= Guna Nua =

Irish theatre company

Gúna Nua Theatre Company is an independent Irish theatre production company based in Dublin. It was founded in 1998 by Paul Meade and David Parnell, and Meade remains artistic director of the company. The company is grant-aided in Ireland by the Arts Council and by Dublin City Council.

==History==
Gúna Nua Theatre Company was founded in 1998 by Paul Meade and David Parnell. As of 2025, Paul Meade was the artistic director of Guna Nua Theatre Company.

==Production history==
In November 2014, Gúna Nua presented The Unlucky Cabin Boy – a new musical devised by the company in collaboration with playwright Mike Finn and the Brad Pitt Light Orchestra.

In April 2019, the Gúna Nua production of Bread not Profits, written by Mike Finn about the "Limerick Soviet", was created as a "new large scale, site-specific, theatre production" commemorating the 100th anniversary of the Limerick Soviet, in which workers in Limerick went on strike in protest against British military occupation of the city in 1919. The play was first presented at the Belltable arts centre in Limerick.

In August 2024, the company produced The Magic Play, written by Liam Wilson Smyth and directed by Paul Meade, in Bewley's Cafe Theatre, and the following year, it presented another play by the same playwright, the comedy drama Synapses, at the Civic Theatre in Dublin. In May 2026, Synapses was produced at the Whale Theatre in Greystones, County Wicklow, and at the BellTable.
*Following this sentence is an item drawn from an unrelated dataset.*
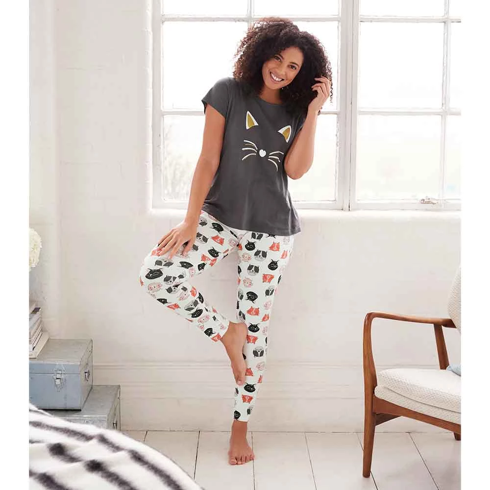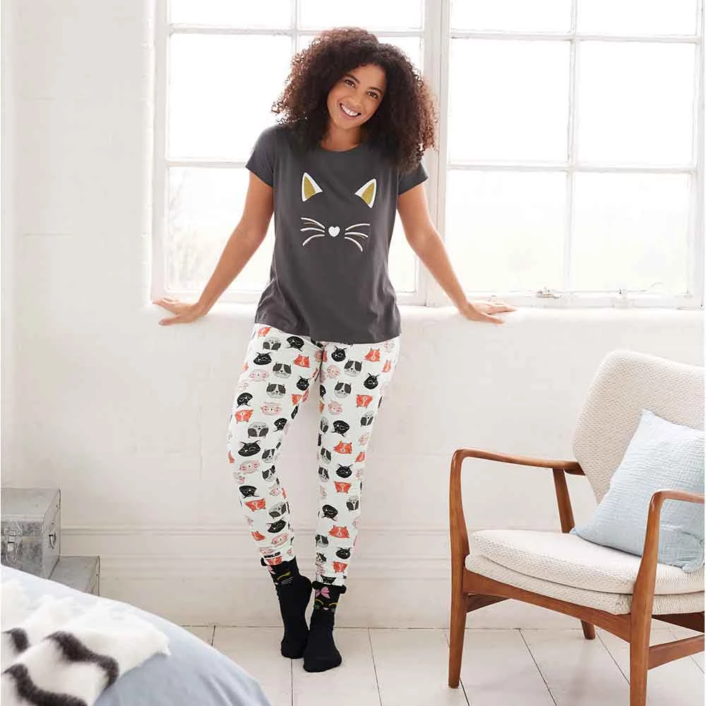 Get the purr-fect night’s sleep and wake up feeling paw-some in our snuggly Cat PJs. The 100% cotton top has a cute cat illustration and gorgeous glitter ear detail, while the bottoms have an all-over cat print. Pull on the matching Cat Socks and cuddle up for a cosy night in.

In April 2026, a production by Gúna Nua was included as part of an event celebrating the 30th anniversary of its official opening of the Town Hall Theatre in Galway.

===World premieres===

- The Morning After The Life Before – written by Ann Blake. First performed in the Belltable Arts Centre, Limerick
- Meltdown by Paul Meade (co-production with axis:Ballymun) – Presented at axis:Ballymun and Project Arts Centre as part of Absolut Fringe, 2009. Also presented at Civic Theatre Tallaght.
- Little Gem by Elaine Murphy (co-production with Civic Theatre) – Winner Carol Tambor Best of Edinburgh Award, Winner BBC/Stewart Parker Award, Winner Fishamble New Writing Award and Best Female Performer Award (entire cast as ensemble), 2008.
- Unravelling the Ribbon by Mary Kelly and Maureen White (co-production with Plan B Productions). Presented in association with Action Breast Cancer, proudly sponsored by Avon Breast Cancer Crusade. Project Cube 2007.
- Trousers by Paul Meade and David Parnell (co-production with Civic Theatre Tallaght
- Thesis by Gerry Dukes, Paul Meade and David Parnell (co-production with Civic Theatre)
- Skin Deep by Paul Meade – Stewart Parker award for Best New Play and nominated for two Irish Times/ESB theatre awards. Project Arts Centre 2003.
- Taste by David Parnell Andrew's Lane 2002.
- Scenes From a Water Cooler by Paul Meade and David Parnell – Winner, Dublin Fringe Awards, Best Production and Best Actor (David Pearse).
- Four Storeys by David Parnell. Project@themint 1998.

===Irish premieres===
- Dinner With Friends by Donald Margulies (co-production with Lane Productions) – Irish Times/ESB theatre awards nomination, best set design, Ferdia Murphy. Andrews Lane 2004.
- The Real Thing by Tom Stoppard. 2004.